Le dérèglement de nos comportements comme du climat montre que nous
nous sommes détournés du sens, que nous n’avons pas respecté le pacte
fondamental qui nous unissait à la Terre et au vivant. L’île Hans nous rappelle
à la réalité, ravive notre mémoire et notre conscience, nous convainc de
renouer tant avec la nature qui nous environne qu’avec notre nature intérieure.
Adhérer à cette démarche signifie se rattacher à l'évidence, se réconcilier
avec son humanité véritable et ses dimensions les plus subtiles.
Le Canada ou le Danemark n'ont pas besoin d'un kilomètre carré de
territoire polaire en plus (ils en ont déjà des millions). Nous, si. Un petit
kilomètre carré de caillou et de glace tout en haut de la Terre en référence à
notre Pôle intérieur, pour rassembler les facettes éparpillées de nous-mêmes.
Nous sommes tous légitimes à habiter l'île Hans. Hans ne doit appartenir à
personne pour être à nous, rien qu'à nous. Mais à nous tous.

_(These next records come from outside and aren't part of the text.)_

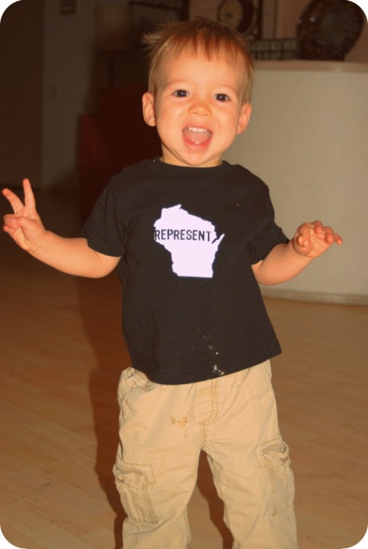 Gallery WI Represent 24 Monday Sep 2012 Posted by aeizzy in Everyday Life ≈ 3 Comments Tagschildren, Dexter, family, life, parenting, personal Dexter’s poor wardrobe is completely dominated with Bears clothes. Even though he does not own one single Packers item, at least we have this WI t-shirt for tonight’s Monday Night Football game! Share this: Click to share on Facebook (Opens in new window) Facebook Click to share on Pinterest (Opens in new window) Pinterest Click to share on X (Opens in new window) X Click to email a link to a friend (Opens in new window) Email Click to print (Opens in new window) Print Like Loading... Related
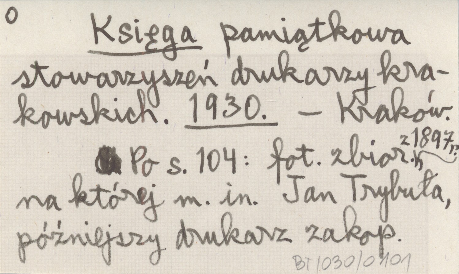 Kraków , Po s. 104: fot. zbiorowa z 1897 r., na której m. in. Jan Trybuła, późniejszy drukarz zakopiański.
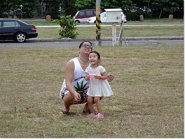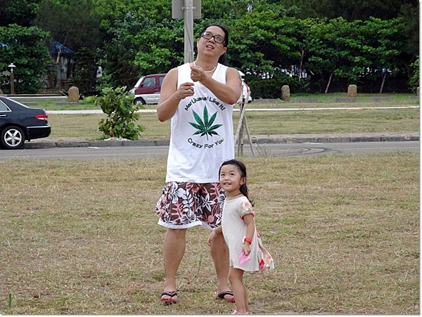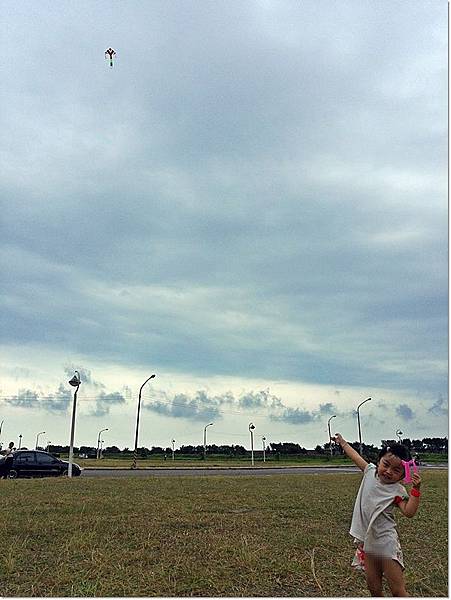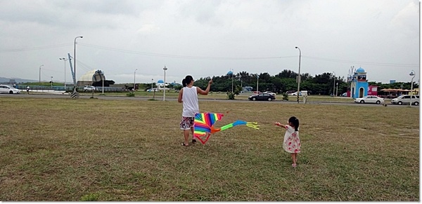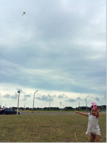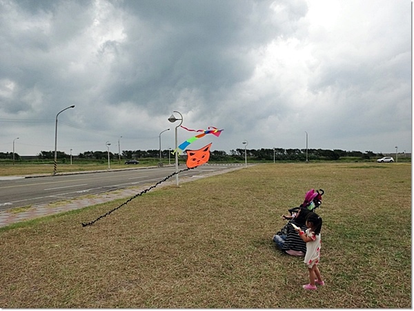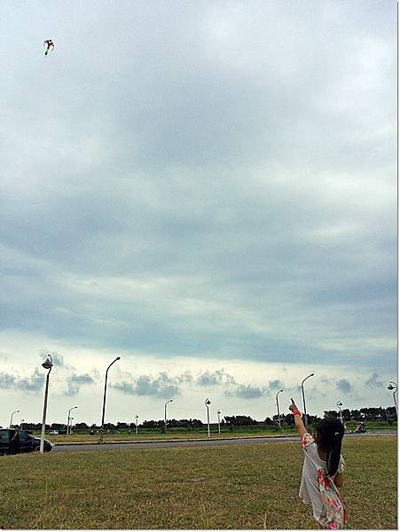 讓姐姐自己試放看看,有教她怎麼放但是她的風箏就是飛不上去...
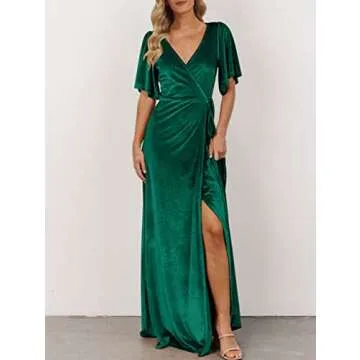Show more Step into sophistication with the MEROKEETY Women's V Neck Velvet Formal Dress. Designed for the modern woman, this enchanting piece features a luxuriously soft velvet fabric that caresses the skin while providing a stunning silhouette. The elegant v-neck design accentuates your neckline beautifully, and the ruffle sleeves add a trendy yet classic touch to the overall look. With a slim wrap design that hugs your curves in all the right places, this dress not only defines your waist but also offers adjustable comfort through its charming tie. The split hem enhances your graceful movement, showcasing your legs and making it an effortlessly chic choice for any event.
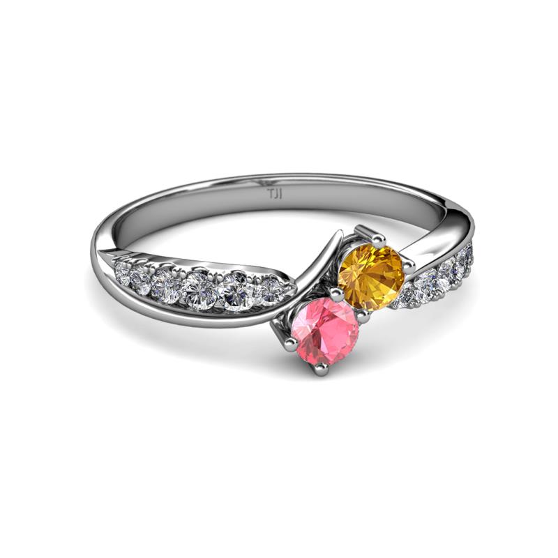 Citrine and Pink Tourmaline 2 Stone with Side Diamonds Bypass Engagement Ring 0.70 ct tw in 14K White Gold. More Details ...
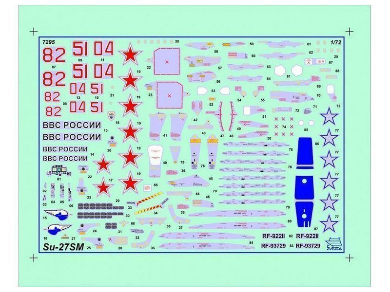 Подробная декаль с проработанной техничкой как для самолёта так и для вооружения 3 вариантов ВВС России.
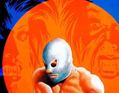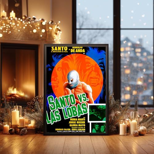 Product description: Step back in time with this stunning vintage Mexican wrestling movie poster print featuring the legendary El Santo in 'Santo vs Las Lobas'. This vibrant wall art captures the golden age of Lucha Libre cinema, showcasing El Santo, the iconic masked wrestler known as 'El Enmascarado de Plata' (The Silver Masked One). The dramatic poster design features a striking orange backdrop with Santo's powerful figure in his signature silver mask, while mysterious faces loom in the background. This artistic reproduction maintains all the dynamic energy and retro charm of the original theatrical release. Perfect for fans of classic Mexican cinema, wrestling enthusiasts, or anyone looking to add a bold, conversation-starting piece to their wall decor. This high-quality print is proudly made in the USA, ensuring excellent color reproduction and detail that brings this piece of wrestling history to life in your space.
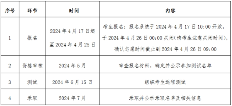 報(bào)名時(shí)間為2024年4月17日 -2024年4月25日。報(bào)名系統(tǒng)于2024年4月17日10:00開放,于2024年4月26日00:00關(guān)閉(請(qǐng)考生注意關(guān)閉時(shí)間),確認(rèn)志愿時(shí)間截止到2024年4月26日09:00,未確認(rèn)志愿的考生報(bào)名無效。
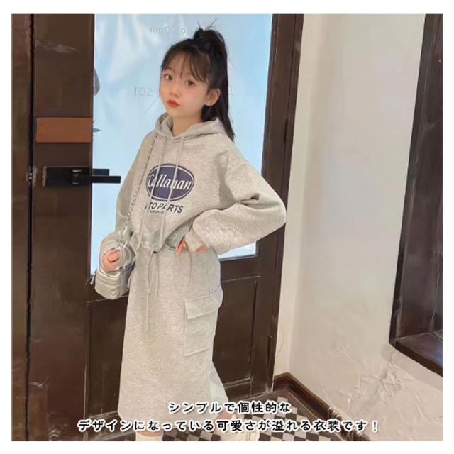スウェット トップス フード付き セット 韓国 キッズ 上下 トレーナー スカート 長袖 こども服 女の子 2点セット ロングスカート パーカー 小学生 春秋 キッズ ジュニア 幼稚園 中学生 パーカー おしゃれ 子ども服 春 秋 冬 子供服 可愛い 110 120 130 140
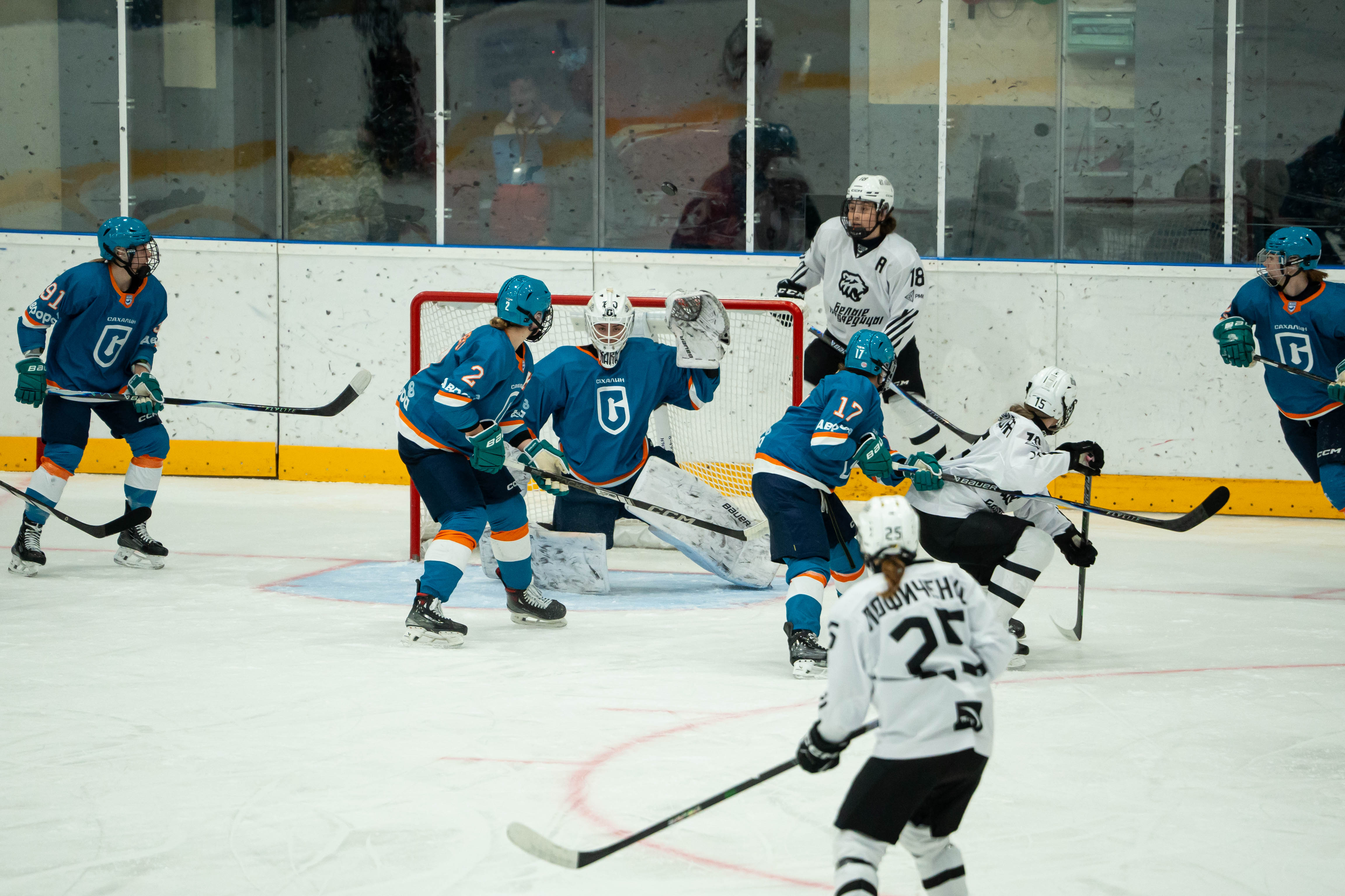 Несмотря на обидную пропущенную шайбу в первом периоде, «Сахалин» мощно ответил во второй двадцатиминутке, забросив три шайбы.
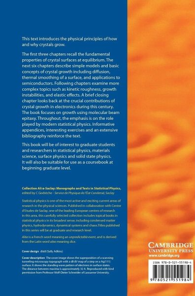Preface List of symbols 1. Morphology of a crystal surface 2. Surface free energy, step free energy, and chemical potential 3. The equilibrium crystal shape 4. Growth and dissolution crystal shapes: Frank's model 5. Crystal growth: the abc 6. Growth and evaporation of a stepped surface 7. Diffusion 8. Thermal smoothing of a surface 9. Silicon and other semiconducting materials 10. Growth instabilities of a planar front 11. Nucleation and the adatom diffusion length 12. Growth roughness at long lengthscales in the linear approximation 13. The Kardar-Parisi-Zhang equation 14. Growth without evaporation 15. Elastic interactions between defects on a crystal surface 16. General equations of an elastic solid 17. Technology, crystal growth and surface science Appendices References Index.
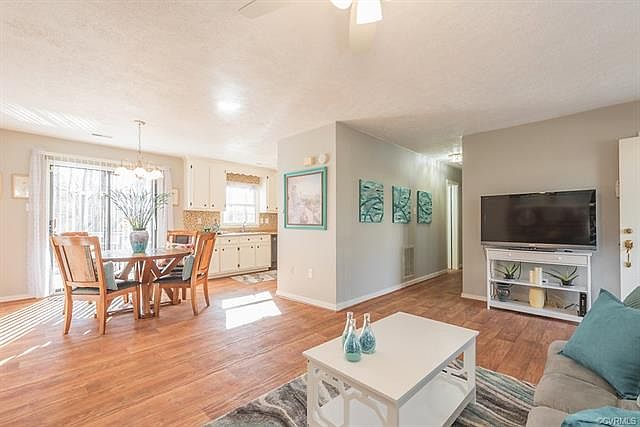 Welcome home to this one level living home. Beautifully updated with awesome wide plank floors, freshly painted throughout. Lovely welcoming front porch with a swing! Open spacious floor plan with a fireplace in the living room for chilly nights. Updated light fixtures too. The kitchen is fresh with white cabinets, tile back splash and solid surface counter top. The french doors open to a deck overlooking the ample yard. This is not to be missed! Conveniently located near shopping and entertainment, major roads.
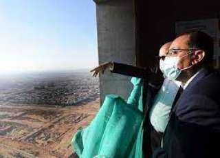 وصعد رئيس الوزراء إلى أعلى نقطة بالبرج الأيقوني، التي تتيح رؤية شاملة للإطلاع على أعمال تنفيذ الواجهات والهياكل الخرسانية بمنطقة المال والأعمال، حيث تعرف على موقف تنفيذ هذا البرج المميز وباقي الأبراج في المنطقة، كما صعد إلى أحد الأبراج التي يتم تنفيذها بالمنطقة، لمتابعة أعمال التشطيب التي تتم من الداخل، مؤكدًأ على أهمية أن يتم التنفيذ وفق الجودة المطلوبة والبرنامج الزمني المحدد.
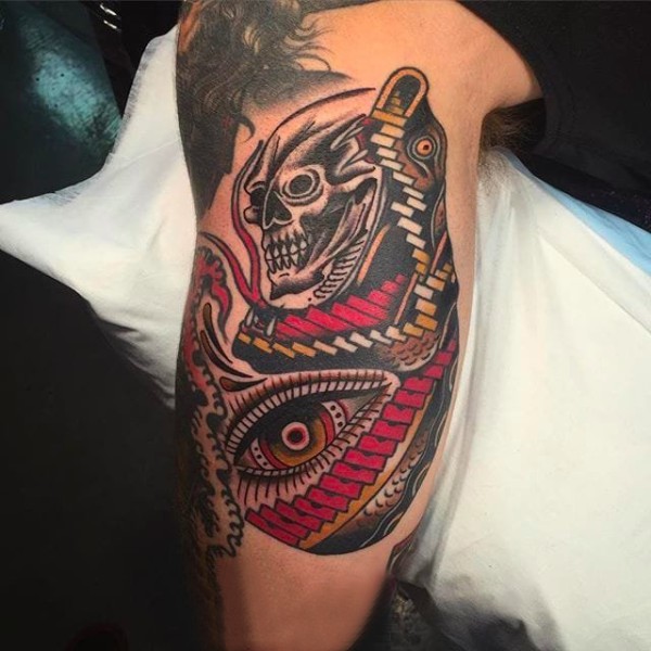 德国恐龙纹身眼镜蛇和卡通鳄鱼纹身水彩动物图案纹身
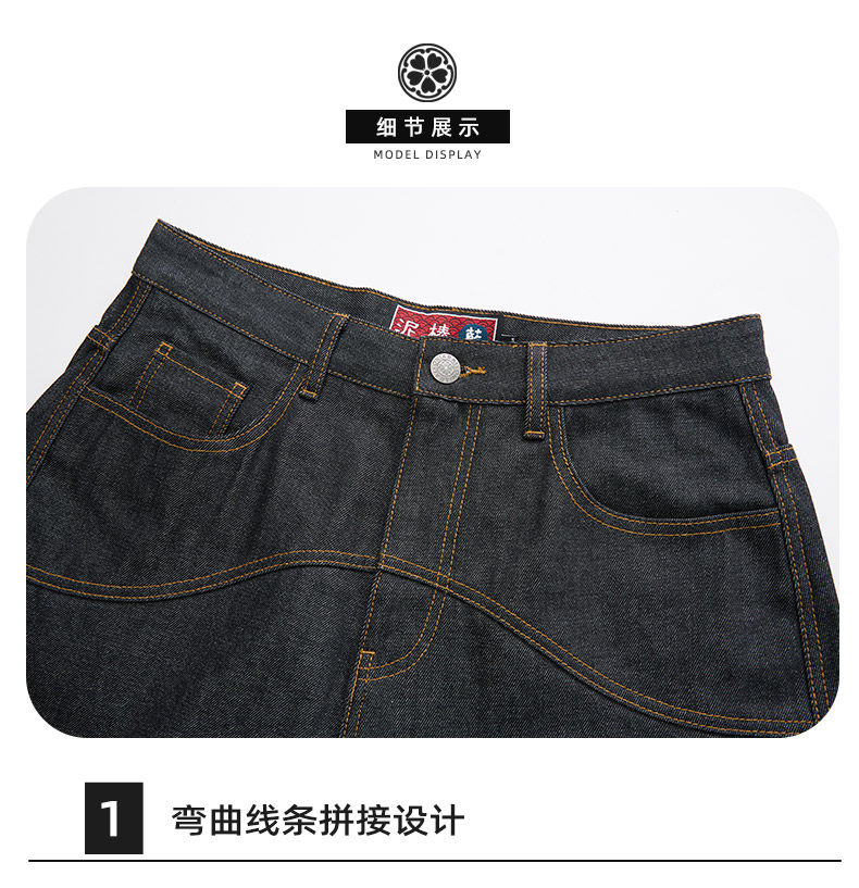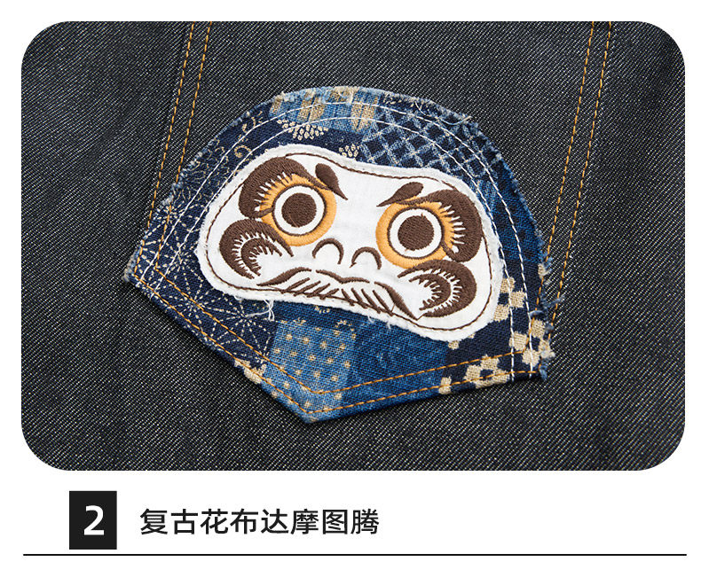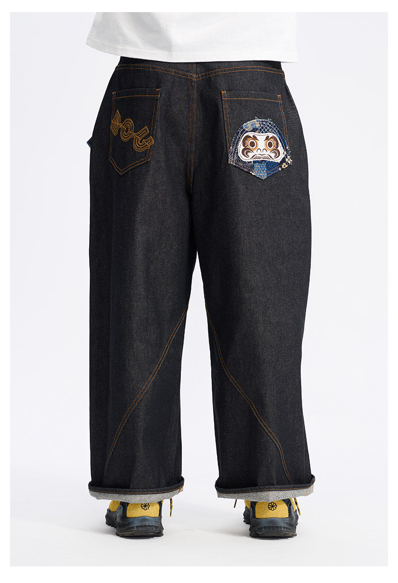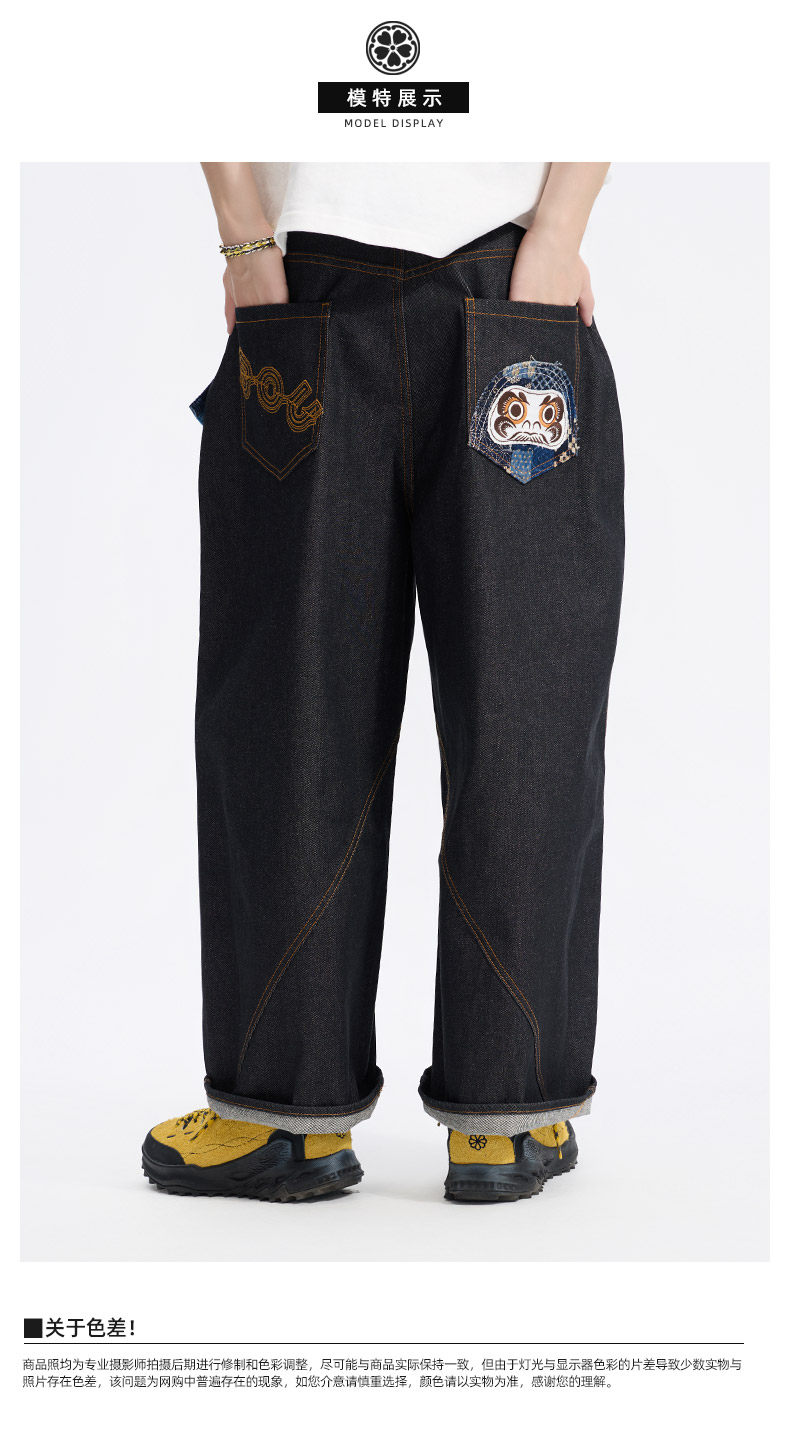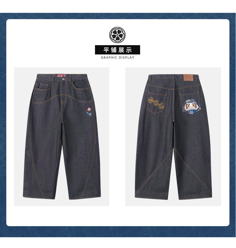 ONIARAI/鬼洗26春季棒系列复古花布达摩弧形分割牛仔裤男 26N4403

Hans est une toute petite île du haut Arctique qu’un malicieux hasard a
positionnée exactement à mi-distance des côtes canadiennes et danoises, si bien
que personne ne peut déterminer vers quel pays elle penche le plus. Cette île,
à mille kilomètres seulement du pôle Nord, possède un intérêt stratégique pour
le pays qui en obtiendrait le contrôle : elle est le point de passage obligé de
la route maritime qui s'ouvrira quand les banquises de l'océan Glacial auront
terminé de fondre. La posséder est la promesse de contrôler l'accès aux
derniers grands champs pétroliers qui, à l'horizon 2040, n'auront pas encore
été exploités. Ces projections au nom d'intérêts économiques privés s'imposent
au mépris de notre intérêt à tous qui est de conserver une planète vivable, et
au mépris de ce que nous attendons désormais de la puissance : qu’elle entre au
service d’une nouvelle idée du monde.
Les ambitions économiques du Canada ou du Danemark ne nous concernent
pas. Ce qui nous concerne, c’est notre avenir, notre vie, l’urgence d’une prise
en compte sérieuse des paramètres physiques et naturels, alors qu’aucune
décision collective en se sens n'apparaît concluante. Le différend qui oppose
le Canada et le Danemark est d’un autre âge. La Terre ne peut plus être réduite
à un gâteau qu’on se partage pour le livrer à des appétits personnels. Ce jeu
menace le climat comme l’ensemble des écosystèmes, il crée des foyers de
tensions, il nous met en danger. La loi qui doit désormais prévaloir est celle
de la conscience. De notre conscience. Car c’est en conscience que nous
revendiquons à notre tour l’île Hans.